The cure for cancer has long been the golden ring of medical research, eluding the grasp of even the most intrepid scientists. Yet today, thanks to the work of Dr. Druker and others, that cure is within our grasp. We must never forget that medical research made it possible.
Exceptional Returns
Yet, even as we talk about the extraordinary health and economic benefits to medical research, the most dramatic returns have only recently been documented.
At the Lasker Funding First Initiative, we published a report that for the first time put an economic value on human life. To do so, we asked a distinguished panel of economists to assess the economic value of extending life, i.e., increasing longevity. The panel included economists from the University of Chicago, Yale, Harvard, Stanford and Columbia - men known for skepticism. Yet their conclusions are staggering. Economic gains from increased life expectancy have been enormous, on the order of $2.8 trillion annually. Let me repeat that: $2.8 trillion annually.
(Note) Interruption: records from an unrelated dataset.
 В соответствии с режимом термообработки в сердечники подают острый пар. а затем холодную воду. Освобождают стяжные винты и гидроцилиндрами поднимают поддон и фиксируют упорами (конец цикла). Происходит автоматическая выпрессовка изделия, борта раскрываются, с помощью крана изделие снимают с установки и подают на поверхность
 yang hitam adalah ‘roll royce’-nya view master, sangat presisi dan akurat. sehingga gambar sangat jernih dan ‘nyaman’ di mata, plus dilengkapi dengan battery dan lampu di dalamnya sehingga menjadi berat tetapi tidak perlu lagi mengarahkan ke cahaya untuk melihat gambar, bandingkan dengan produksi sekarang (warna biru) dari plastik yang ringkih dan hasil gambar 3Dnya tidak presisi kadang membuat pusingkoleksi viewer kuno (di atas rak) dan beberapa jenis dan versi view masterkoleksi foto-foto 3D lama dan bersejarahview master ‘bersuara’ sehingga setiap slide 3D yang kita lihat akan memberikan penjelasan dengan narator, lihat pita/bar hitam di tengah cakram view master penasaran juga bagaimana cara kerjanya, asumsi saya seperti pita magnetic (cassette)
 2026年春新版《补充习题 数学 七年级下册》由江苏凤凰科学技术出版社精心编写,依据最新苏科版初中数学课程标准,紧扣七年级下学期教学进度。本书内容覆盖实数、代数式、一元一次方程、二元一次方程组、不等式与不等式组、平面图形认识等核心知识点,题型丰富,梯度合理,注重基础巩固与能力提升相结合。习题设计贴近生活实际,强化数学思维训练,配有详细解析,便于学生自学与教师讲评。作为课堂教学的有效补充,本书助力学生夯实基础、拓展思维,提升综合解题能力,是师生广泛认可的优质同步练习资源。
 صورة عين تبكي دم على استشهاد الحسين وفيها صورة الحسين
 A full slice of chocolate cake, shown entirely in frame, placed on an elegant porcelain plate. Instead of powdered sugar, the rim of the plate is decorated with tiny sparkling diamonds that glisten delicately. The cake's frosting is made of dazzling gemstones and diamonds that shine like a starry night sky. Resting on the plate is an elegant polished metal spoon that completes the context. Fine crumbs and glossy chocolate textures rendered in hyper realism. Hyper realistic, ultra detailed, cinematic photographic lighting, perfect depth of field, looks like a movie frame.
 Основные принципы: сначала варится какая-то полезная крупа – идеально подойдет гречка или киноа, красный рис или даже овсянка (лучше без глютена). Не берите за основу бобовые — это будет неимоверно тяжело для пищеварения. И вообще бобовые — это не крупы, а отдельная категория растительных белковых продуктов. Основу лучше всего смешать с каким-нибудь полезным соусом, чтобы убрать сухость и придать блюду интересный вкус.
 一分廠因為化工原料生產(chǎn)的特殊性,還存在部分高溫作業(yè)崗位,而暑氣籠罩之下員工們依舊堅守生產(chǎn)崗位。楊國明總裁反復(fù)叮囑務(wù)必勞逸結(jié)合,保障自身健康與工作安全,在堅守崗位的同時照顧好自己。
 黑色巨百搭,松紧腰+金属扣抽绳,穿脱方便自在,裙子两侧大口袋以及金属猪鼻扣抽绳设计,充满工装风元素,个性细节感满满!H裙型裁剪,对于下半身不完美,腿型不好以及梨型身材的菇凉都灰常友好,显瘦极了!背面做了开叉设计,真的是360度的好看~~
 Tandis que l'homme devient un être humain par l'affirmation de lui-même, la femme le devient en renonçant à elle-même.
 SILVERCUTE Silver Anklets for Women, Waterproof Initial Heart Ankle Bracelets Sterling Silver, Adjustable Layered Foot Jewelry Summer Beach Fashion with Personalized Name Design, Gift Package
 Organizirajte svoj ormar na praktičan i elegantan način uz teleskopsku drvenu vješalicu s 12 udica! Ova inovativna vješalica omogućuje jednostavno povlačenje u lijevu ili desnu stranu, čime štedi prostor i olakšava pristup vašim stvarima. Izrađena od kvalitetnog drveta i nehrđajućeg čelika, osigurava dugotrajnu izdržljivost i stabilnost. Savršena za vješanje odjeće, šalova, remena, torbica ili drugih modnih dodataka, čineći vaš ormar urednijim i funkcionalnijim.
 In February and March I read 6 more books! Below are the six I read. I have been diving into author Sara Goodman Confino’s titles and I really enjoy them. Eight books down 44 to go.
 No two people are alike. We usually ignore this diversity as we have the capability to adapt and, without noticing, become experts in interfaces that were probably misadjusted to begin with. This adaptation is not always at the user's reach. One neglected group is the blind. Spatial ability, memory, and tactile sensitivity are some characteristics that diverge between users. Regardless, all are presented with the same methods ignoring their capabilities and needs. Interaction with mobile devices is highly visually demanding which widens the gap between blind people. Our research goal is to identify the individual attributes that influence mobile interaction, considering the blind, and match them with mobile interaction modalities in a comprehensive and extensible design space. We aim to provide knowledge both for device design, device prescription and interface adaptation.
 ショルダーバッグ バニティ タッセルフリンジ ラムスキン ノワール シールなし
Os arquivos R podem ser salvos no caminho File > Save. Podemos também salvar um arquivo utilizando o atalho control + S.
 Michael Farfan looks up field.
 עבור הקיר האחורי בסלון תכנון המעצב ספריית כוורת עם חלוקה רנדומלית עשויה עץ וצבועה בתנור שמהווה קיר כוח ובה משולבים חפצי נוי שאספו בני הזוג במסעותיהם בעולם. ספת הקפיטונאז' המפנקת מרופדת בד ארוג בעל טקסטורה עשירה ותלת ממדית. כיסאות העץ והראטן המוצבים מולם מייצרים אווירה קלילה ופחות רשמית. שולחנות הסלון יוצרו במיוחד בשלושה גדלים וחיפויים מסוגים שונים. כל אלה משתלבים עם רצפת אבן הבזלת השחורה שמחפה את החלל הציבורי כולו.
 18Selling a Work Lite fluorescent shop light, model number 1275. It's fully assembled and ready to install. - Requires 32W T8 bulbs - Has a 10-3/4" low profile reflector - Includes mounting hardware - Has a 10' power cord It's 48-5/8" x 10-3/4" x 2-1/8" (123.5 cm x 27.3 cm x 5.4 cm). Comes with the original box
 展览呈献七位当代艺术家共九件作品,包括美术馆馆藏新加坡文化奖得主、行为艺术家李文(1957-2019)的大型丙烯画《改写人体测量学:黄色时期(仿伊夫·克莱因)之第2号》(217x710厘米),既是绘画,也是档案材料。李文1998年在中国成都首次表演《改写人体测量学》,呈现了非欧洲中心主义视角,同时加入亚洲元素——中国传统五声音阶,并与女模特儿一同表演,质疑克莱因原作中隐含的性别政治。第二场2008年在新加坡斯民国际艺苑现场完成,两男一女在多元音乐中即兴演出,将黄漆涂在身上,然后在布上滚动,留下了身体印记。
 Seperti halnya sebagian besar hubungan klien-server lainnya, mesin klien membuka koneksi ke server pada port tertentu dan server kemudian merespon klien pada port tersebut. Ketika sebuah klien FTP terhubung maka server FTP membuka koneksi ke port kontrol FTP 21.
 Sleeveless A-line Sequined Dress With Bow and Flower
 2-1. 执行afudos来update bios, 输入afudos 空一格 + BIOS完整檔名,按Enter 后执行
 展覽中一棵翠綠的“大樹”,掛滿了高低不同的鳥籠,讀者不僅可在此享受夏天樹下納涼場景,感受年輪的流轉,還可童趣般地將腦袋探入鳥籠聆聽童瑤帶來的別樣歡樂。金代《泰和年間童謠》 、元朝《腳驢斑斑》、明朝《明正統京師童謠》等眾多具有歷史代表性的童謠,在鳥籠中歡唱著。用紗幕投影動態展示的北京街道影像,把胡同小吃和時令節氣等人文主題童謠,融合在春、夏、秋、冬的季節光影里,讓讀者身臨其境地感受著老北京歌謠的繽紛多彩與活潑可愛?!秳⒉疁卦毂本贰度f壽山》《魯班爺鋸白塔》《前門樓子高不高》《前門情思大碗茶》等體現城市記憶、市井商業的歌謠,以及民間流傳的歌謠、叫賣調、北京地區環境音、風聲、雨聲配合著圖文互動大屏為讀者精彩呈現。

To discuss the report in more detail, I have with me today two colleagues, Robert Topel and Dr. Samuel Silverstein, whom you will hear from on your second panel. Dr. Topel is from the University of Chicago and is one of the lead investigators in Lasker's Economic Study; he is a member of the National Bureau of Economic Research. Sam Silverstein is the current President of Funding First and hails from Columbia University, where he is a professor of physiology in the College of Physicians & Surgeons. Sam has long been considering the economic facts about research in the medical sciences, and we are very fortunate to have him leading the charge for Funding First. I predict you will be humbled by the economic impact of our national investment when you hear from these two gentlemen.